Литмир - Электронная Библиотека
A
A

Актис лежала, обессиленная и опустошённая и смотрела наверх. Мрачные и тоскливые мысли вереницей кружились в голове, обгоняя одна другую. Здесь было и желание немедленно покончить с собой, и намерение убить Венуция. Впрочем, большой ненависти она к Венуцию не испытывала, сама не зная почему. Зато к себе она не испытывала никакой жалости. Она полностью сознавала, что сама виновата в измене мужу. Так как не нашла в себе мужества отказать притязаниям на неё Венуцию.
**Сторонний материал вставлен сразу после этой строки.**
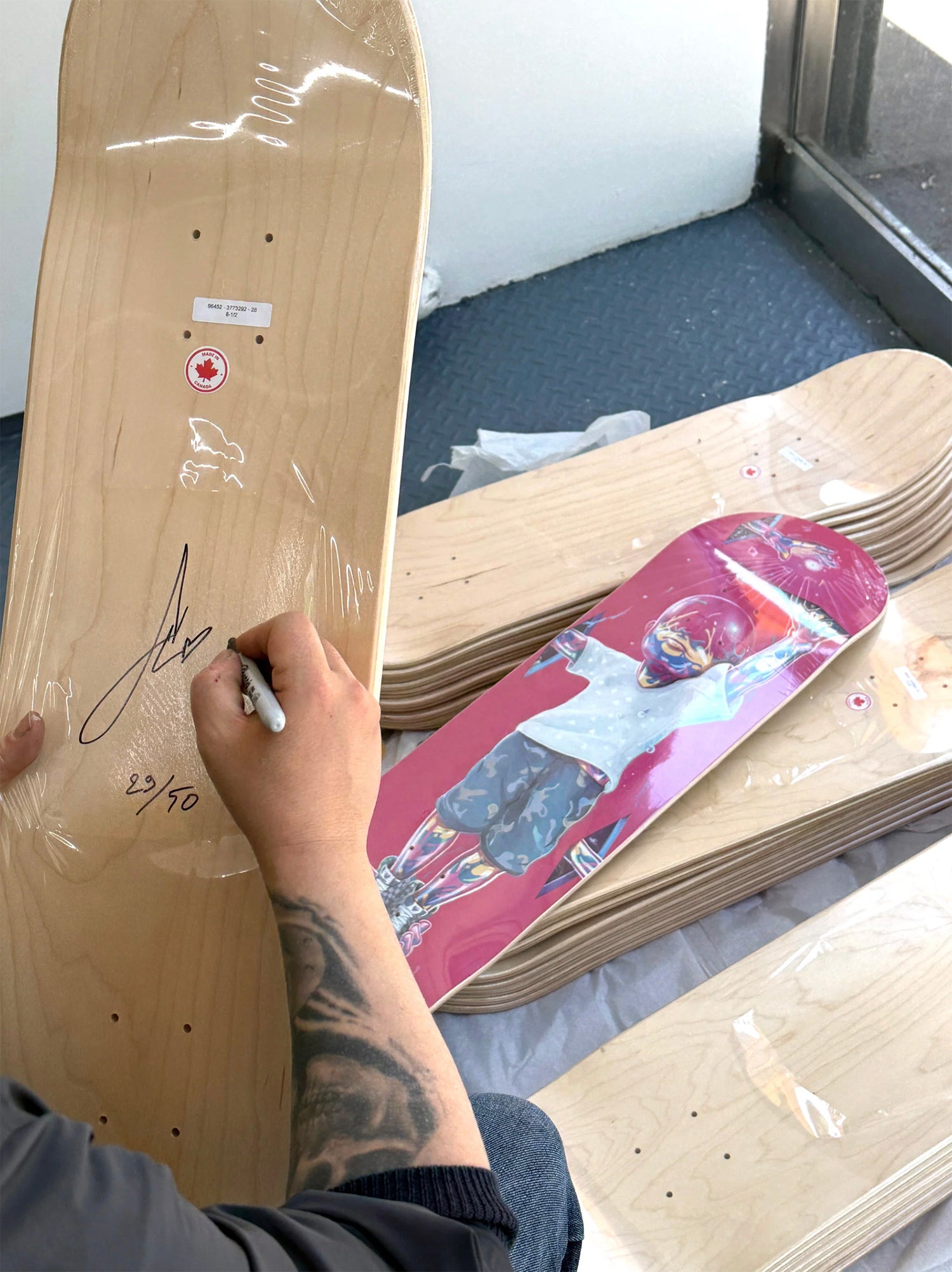 Hand-signed and numbered by the artist on deck top.
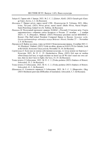 7. Брусенская Л. А., Котаева А. Р. Ценностный конфликт и проблема иноязычных заимствований в русском языке ХХI века // Вестник Нижегородского государственного лингвистического университета им. Н. А. Добролюбова. 2022. Вып. 4 (60). С. 24-38. EDN: KZVLQZ
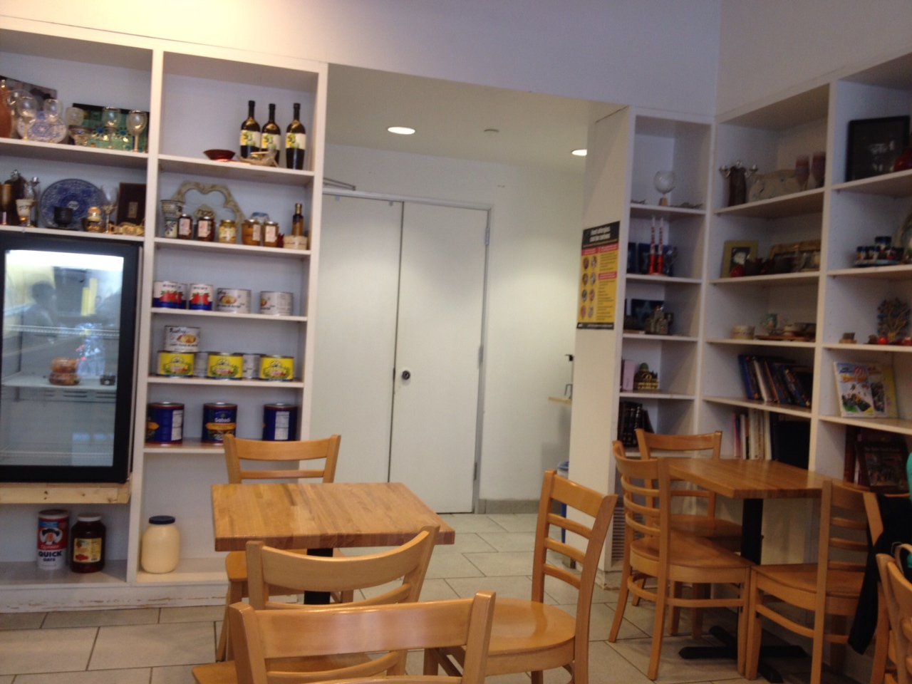 Gezunte’s other name when you search for them is “Books and Bagels”, which explains the décor…to some extent at least. For such a small space, Gezunte still feels very sparse with just a small counter for the food and a few tables. Two back walls hold a smattering of Kosher products (gallon sized tubs of what look like Mayo, massive tins of tuna, pickled items, etc) and Judaica (books, plates, goblets, etc.)
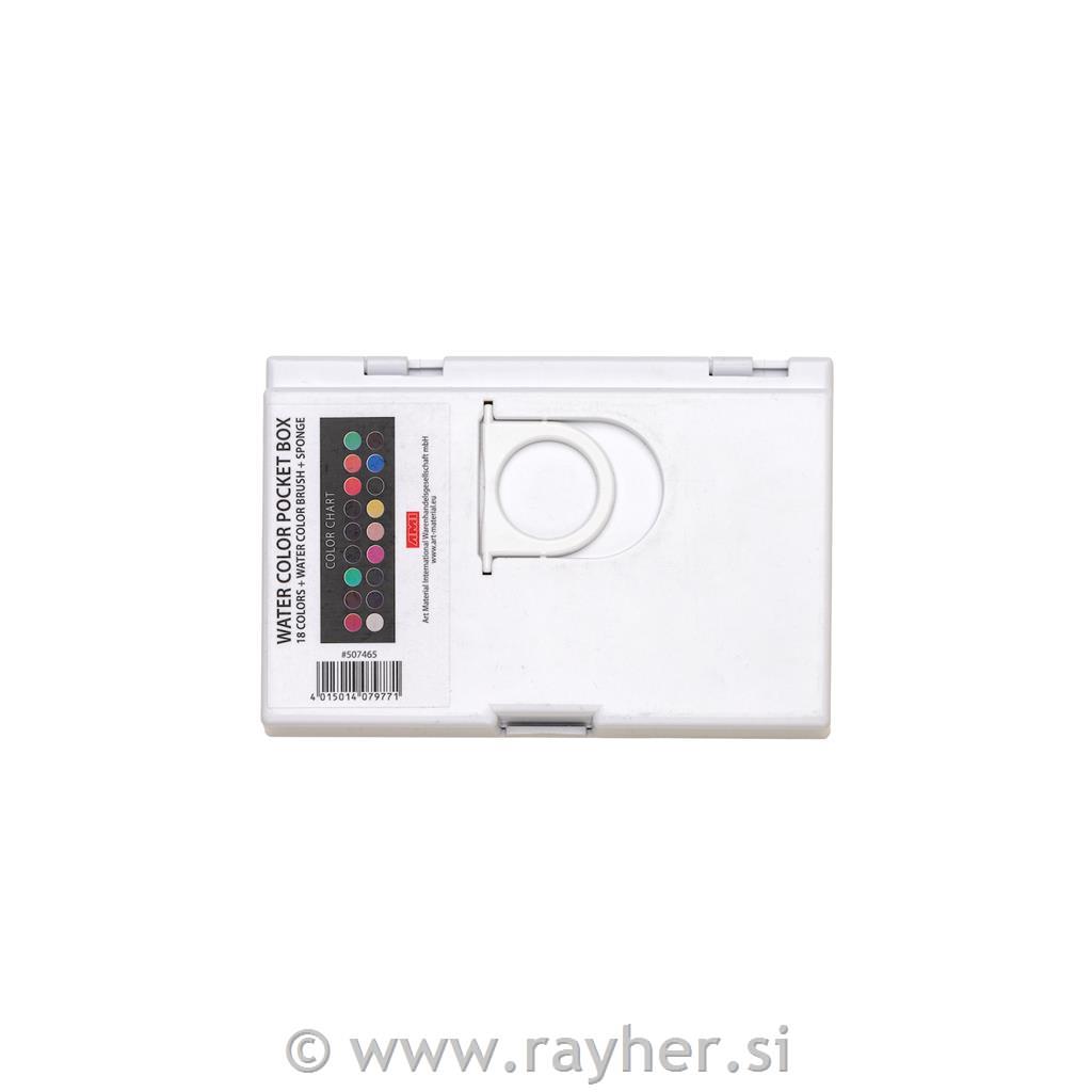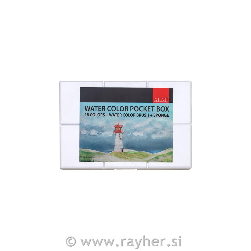 AMI Watercolor Pocket Box vsebuje 18 akvarelnih barv, čopič za vodo in gobico.
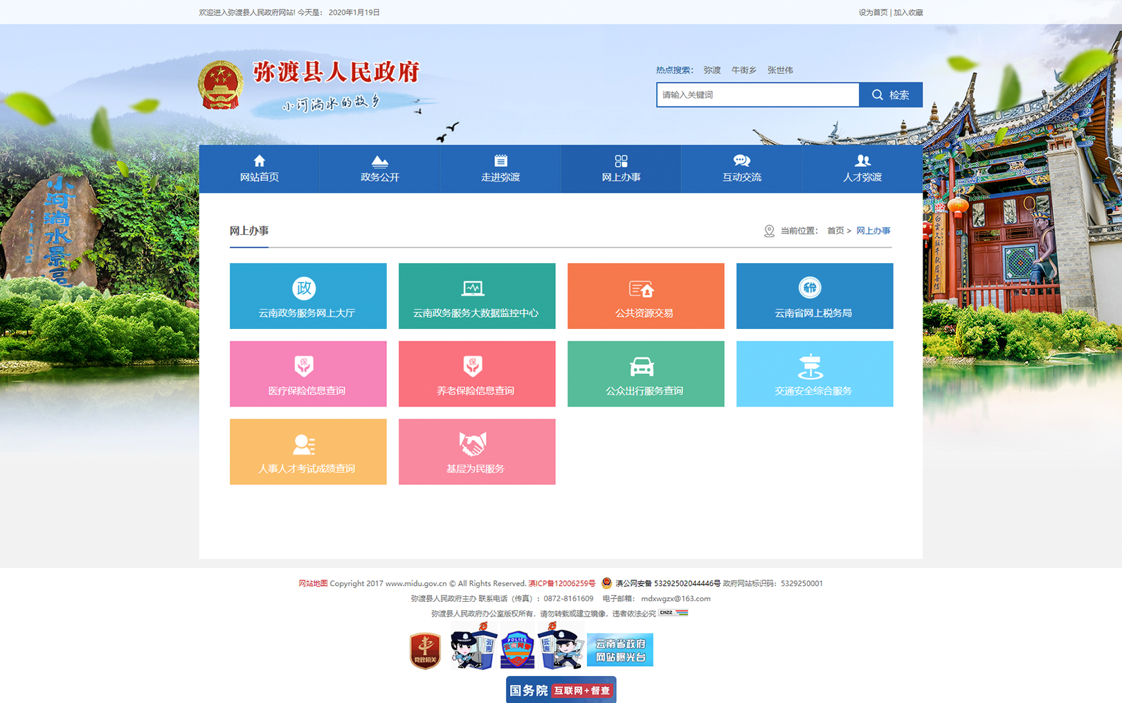 本網(wǎng)站在配色上極其考究,以藍(lán)色為主色調(diào)搭配上國(guó)徽,顯示出政府的威嚴(yán),扁平化的設(shè)計(jì)使整個(gè)界面簡(jiǎn)潔整齊,有效提升用戶(hù)體驗(yàn)網(wǎng)上辦事模塊,極大的提高了民政互動(dòng)的效率。
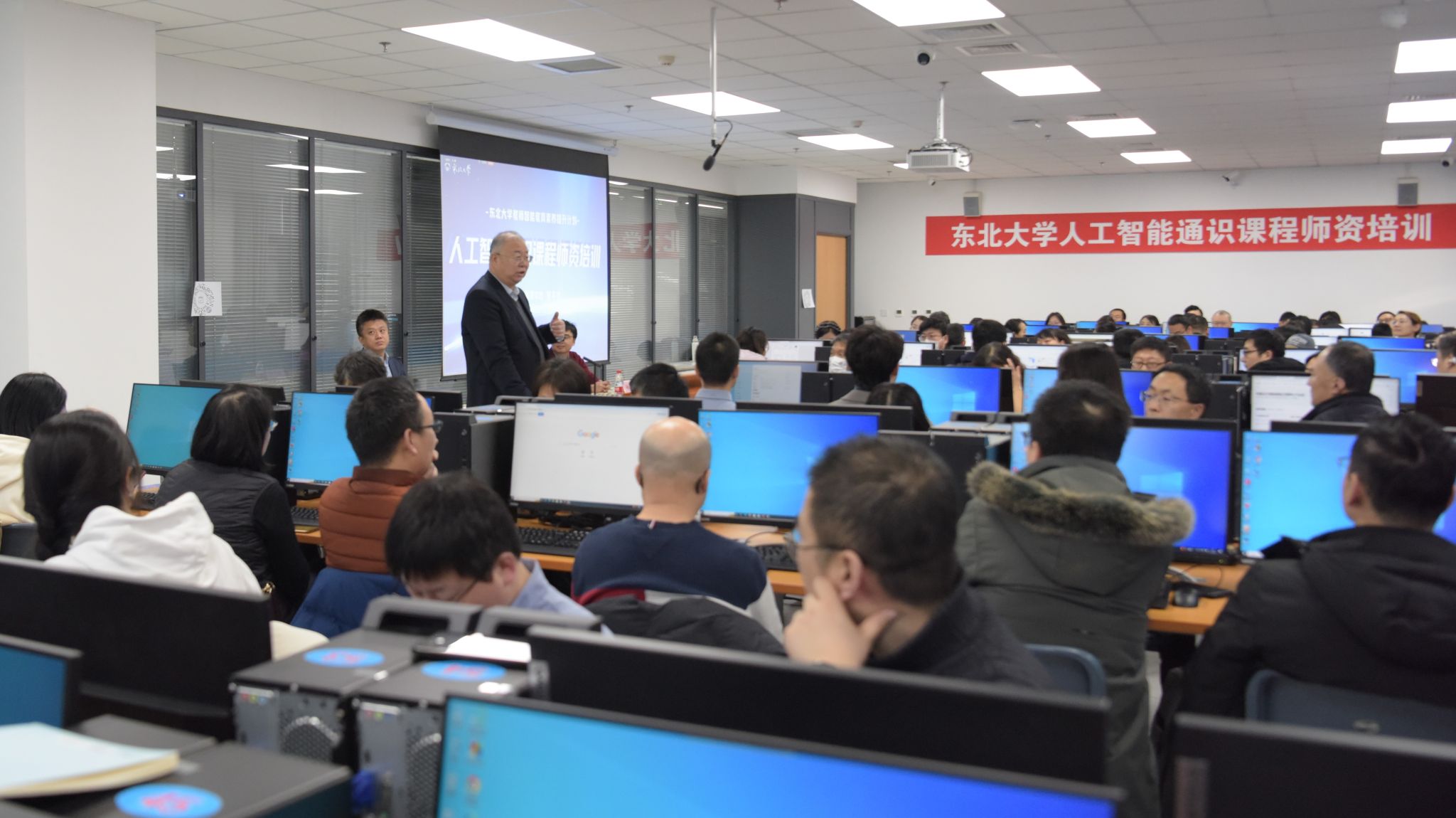 2月25日,太阳成集团tyc33455智能教育素养提升计划之人工智能通识课师资培训在南湖校区综合实验楼610室、603室举行。校党委常委、副校长王兴伟出席开班式,教师教学发展中心、教务处相关负责人,授课教师团队参加开班式,来自各学院的160余名教师参加培训。

Тело болело и ныло от усталости, во рту пересохло, на губах застыла соль, и они потрескались. Невозможно было даже поднять руку. Видимо давало знать о себе нервное перенапряжение. Но Актис всё-таки попыталась подняться с пола. Сделав несколько движений, она приподнялась и встала на колени. Но в эту секунду откуда-то из-под крыши брызнули, потоки света и осветили некоторые участки помещения. То, что увидела Актис, заставило её снова упасть на землю, и чуть было не лишило чувств. Предметы, которые она принимала за варварские лары, были ни что иное, как человеческие головы. Отрубленные человеческие головы — мужские и женские, уже успевшие истлеть и превратиться в голые черепа и отрубленные совсем недавно. Волосы зашевелились от ужаса на голове девушки. Все эти головы, казалось, смотрели на неё. Пустые глазницы и открытые беззубые рты не имели выражения, но пугали не меньше, чем оскалившиеся зубами, с открытыми глазами и отвисшими кусками кожи. Актис заметалась, как пойманный зверёк, но куда бы она ни повернулась, всюду её поджидали эти страшные головы, эти открытые в диком страдании глаза, черепа, спокойные и оттого ещё более кошмарные лица.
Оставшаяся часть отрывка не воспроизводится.